Sub-dividing a cavalry regiment into battalion-sized maneuver elements was a common Plains warfare army tactic. Custer successfully fought this way at the Washita (1868) and Crook used similar tactics at the Rosebud (June 17). Notably, Col. Ranald MacKenzie, who usually fought his regiment as a single unit, used such “battalion” tactics in his most famous victory—Palo Duro Canyon, Texas vs. Comanches and Kiowas (1874), where MacKenzie’s stunning victory ended Comanche power forever and forced the tribes onto reservations.

2:30 p.m., 4 miles east of Little Bighorn River

While Capt. Frederick Benteen’s battalion continues to scout for any Indians who might be south of the Little Bighorn valley, Custer’s and Maj. Marcus Reno’s battalions surprise a few Indians who immediately flee in panic toward the still-unseen main village. Scout/interpreter Fred Gerard shouts to Custer, “Here are your Indians! Running like devils!”

Custer decision

Assuming these Indians certainly will alert the village, Custer immediately launches Reno’s 3-company battalion to directly attack it from the south while flanking the village by leading his own 5-company battalion to the high bluffs towering over the east bank of the river. Via messenger, Custer orders Benteen’s 3-company battalion to quickly rejoin the command.

Assessment

Taking immediate action now that the village is certain to be warned likely would have been any frontier army commander’s decision. Still unaware of the village’s unprecedented size, attacking it unexpectedly from two directions (while summoning reinforcements—Benteen’s battalion) seemed tactically- feasible given what Custer—who had not yet seen the huge size of the village—then knew regarding Indian numbers.

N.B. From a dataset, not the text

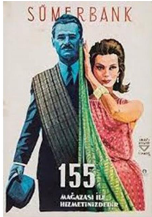
Görsel 3. İhap Hulusi Görey tarafından Sumerbank için yapılan afiş örnekleri (Koraltürk, 1997)
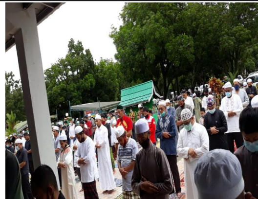
VI. "Halaman depan hingga ke jalan"

3:30 p.m., atop bluffs east of the river

Seeing Reno’s attack begin to bog down and becoming hotly engaged by warriors in the valley and with Benteen’s battalion still missing, Custer faces his most crucial decision—ride directly to Reno’s aid—which likely would have ended with Custer, Reno and eventually Benteen and the Pack Train, in effect the entire regiment, besieged on Reno Hill—wait for Benteen, or continue his attack from another direction.

Custer decision

Maneuver against the village from another, unexpected direction by leading his battalion farther north where the Indian women and children were fleeing, with the possibility of—like at the Washita battle—capturing them as hostages to dissuade Indian attacks.

Assessment

None of Custer’s command decisions—up to this point—had put the 7th on an irreversible course to disaster. Options that would have led to his gathering the entire regiment on defensible high ground still remained possible. However, his decision at about 3:30 p.m. to continue north finally sealed his and his regiment’s fate. Recent scholarship suggests Custer had still not seen the huge size of the entire village when he made this decision (he had likely viewed the valley from further east—probably Sharpshooter Ridge—and not from the better (higher) vantage point known as Weir Point). Lacking this vital intelligence, still thinking the opposing Indian force was only one-half to one-third its actual size and denied critical knowledge about the Indians not fleeing but standing and fighting from Crook’s Rosebud battle, Custer made his last—fatal—decision.

custers-death-stage-stage-showPawnee Bill’s Wild West Show, Buffalo Bill’s competitor, staged this fanciful 1905 ‘Death of Custer’ performance showing ‘Sitting Bull’—who stayed in his tipi—stabbing saber-wielding, long-haired Custer—he had neither in the fight.